Which part of the service was like being in heaven?
The quietness of the service (other than the PA feedback). This was a simple service in a cheerful building, yet with a sense of history and place. Also after the service I found that the church was very friendly.

And which part was like being in... er... the other place?
The PA system picking up the service elsewhere and hearing whispered conversations on it! Also some sadness that a friendly community like this one should be at a low ebb.

What happened when you hung around after the service looking lost?
The old lady in front of me, who had been raising her hands, turned round and asked me if I had been born again. She also told me: "It's not the numbers, you know, that matter. I was raised in a Presbytyrian church." And then she left it at that.
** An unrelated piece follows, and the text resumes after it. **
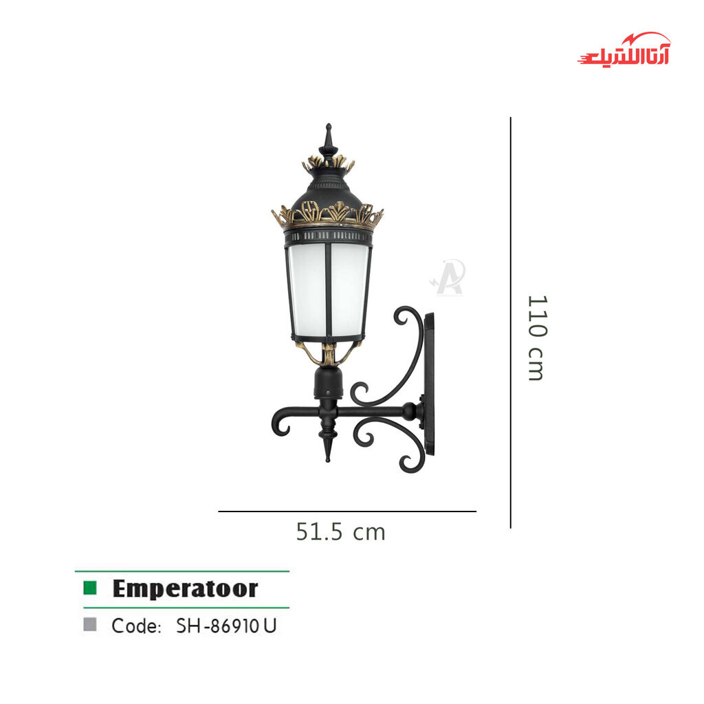 چراغ حیاطی دیواری شب تاب مدل امپراطور، یکی از نمونههای زیبا و باکیفیت چراغهای حیاطی شب تاب است که بدنهای از جنس آلومینیوم دایکاست دارد. نوع رنگ به کار رفته در تولید این محصول، رنگ پودری الکترواستاتیک بوده و در رنگهای مشکی، برنزی و سفید، موجود است.

I was quite taken aback, but I guess what she said about the numbers is right. There is a church not so far away that has large congregations, but are so busy fiddling with their sound systems and instruments that they ignore visitors – or at least they did so when I visited. This congregation is small and almost everyone came over and said "hello" and "nice to see you".

How would you describe the after-service coffee?
Unfortunately, there wasn't any.

How would you feel about making this church your regular (where 10 = ecstatic, 0 = terminal)?
9 – In spite of the small size of the congregation, the people were friendly and the service had a quiet dignity. I felt very welcome here.

Did the service make you feel glad to be a Christian?
Yes. Being made to feel welcome is very important in my book. Too many churches – especially evangelical ones – fall into the trap of hiding behind microphones, instruments or technology. These are important, but making people feel welcome is far more important. This church has proved good at making people feel welcome.

What one thing will you remember about all this in seven days' time?
The lady swaying to traditional hymns.